2

In a room with $n+1$ people, a person tells a rumor to another person, who in turn repeats it to a third person, and the process continues. at each step the receipt of the rumor is randomly chosen out of the n other people in the room.

a). Find the probability that the rumor reaches the originator of the rumor in exactly $r$ steps.

b). Find the expected number of steps for the rumor to reach the originator.

I answered the part a as following: $p(\text{the originator})= (n-1/n)^{r-1}$.

I have no idea about the part b. Can anyone help me out about the solutions and explain the concept?

What kind of materials that I need to study with because my professor never covers these materials in the class. Thank you very much.

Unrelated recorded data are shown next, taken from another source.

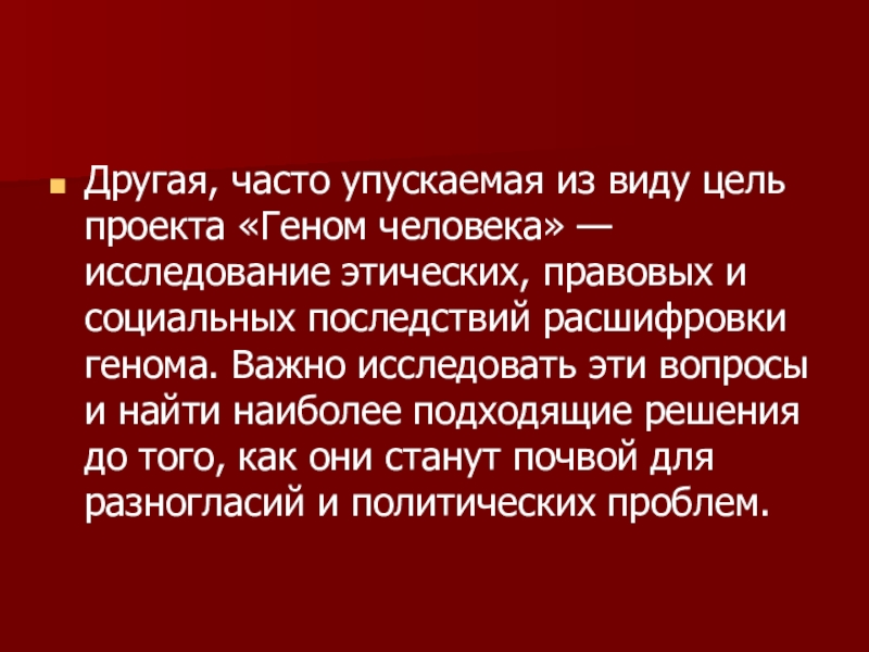 правовых и социальных последствий расшифровки генома. Важно исследовать эти вопросы и найти наиболее подходящие решения до того, как они станут почвой для разногласий и политических проблем.
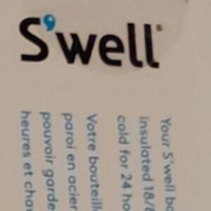 Bottle embossed with gold lettering with the words S'well and Liberty of London written out on the front of the bottle. Gold lettering is on the bottom of the bottle under the original factory price label which has never been removed.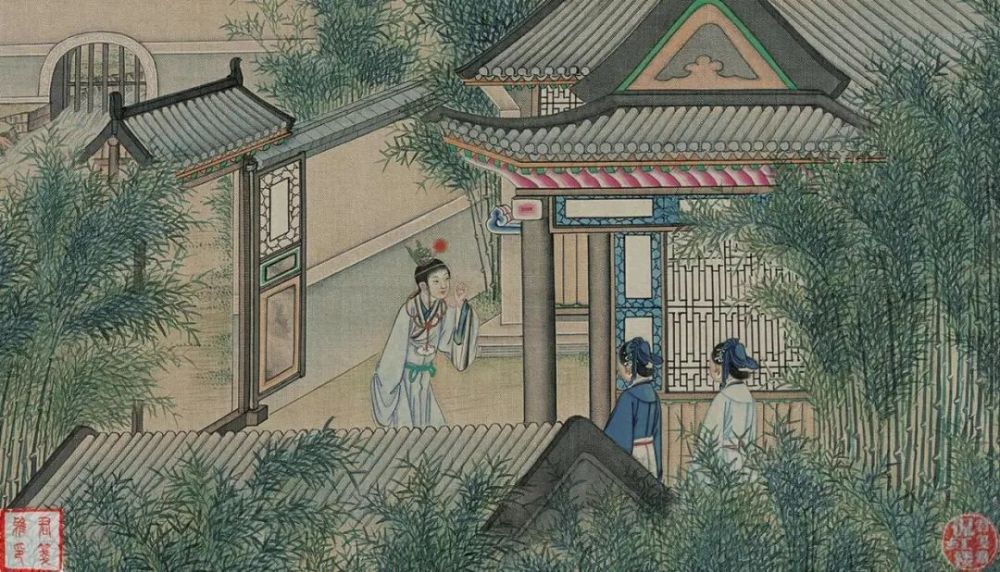 当日薛宝钗在滴翠亭外听说小红与坠儿的谈话,之前就是见贾宝玉进了潇湘馆,担心撞见尴尬的画面而回避了。

  • I think this problem is more like passing a gift (throwing a frisby). If you know how to do part $a$, then part $b$ is just averaging over all possibilities of $r$. – Zhuoran He Nov 02 '17 at 20:27
  • It looks like a Markov Chain, to me. So, calculate the probability that we return to the original state in $r$ steps and the expected number of steps to return to the original state. – learning Nov 02 '17 at 20:29
  • 2
    Simpler than that. It's a geometric distribution. No matter whose hand the gift is in, so long as it's not in the originator's hand, we call him "someone else". – Zhuoran He Nov 02 '17 at 20:31
  • Ah OK, that makes sense. It does look like it can be solved correctly using Markov Chains, too. – learning Nov 02 '17 at 20:31
  • Your answer to $a$ is not correct. There is a typo that the first $n$ should be $1$, but also the rumor cannot reach the originator in one step. Do you require that the $r^{th}$ step be the first time the originator is told the rumor or just the originator is told on step $r$? That will change the answer. – Ross Millikan Nov 02 '17 at 20:32

2 Answers2

2

For each step, the probability to pass the rumor to the originator is $1/n$ while the probability to pass the rumor to someone else is $(n-1)/n$. Assuming $r=2$ corresponds to the case that the first person repeats it to the originator, then for there to be r steps, simply multiply the corresponding probabilities, $$P(r)=\left({n-1\over n}\right)^{r-2}{1\over n}$$ With this you can calculate $E[R] =n+1$. You may have a different definition for $r$.

Dean
  • 1,370
  • Thank you very much for your help. Would you explain how you got E(r) =n+1. When I applied the formula sum of r*p(r), I can not simplify it at all. Thanks again. – Deepsea234 Nov 03 '17 at 00:20
  • I think there are n+1 people in the room, the base case is the originator, then there are n people left. Assuming r=4, P(base case)=1, P(rumor goes back to the originator)=1/n, for the other three steps, the probability is (n-1)/n. Therefore, P(r)=(n-1/n)^(r-1)*(1/n). How did you get power of r-2? Thanks – Deepsea234 Nov 03 '17 at 00:36
  • @Deepsea234 this probability comes from the fact that each person can talk to $n$ other people, of which $1$ is the originator. So the probability they miss the originator is $\frac{n-1}n$, and the probability they eventually tell the originator is $\frac1n$. The indices come from the fact that the originator speaks first, so tells someone else with probability $1$. Then they miss the originator $r-2$ times (so have spoken $r-1$ times in total), and then on the $r^{\text{th}}$ turn, they return to the originator. – John Doe Nov 03 '17 at 00:48
  • Rather than do the sum by hand, I asked "wolfram online" to calculate the sum of $r \cdot P(r)$ over all $r$ and it returned $n+1$. – Dean Nov 04 '17 at 01:25
1

HINT:

Let $X$ denote the random variable representing the number of steps it takes for the rumour to reach the originator.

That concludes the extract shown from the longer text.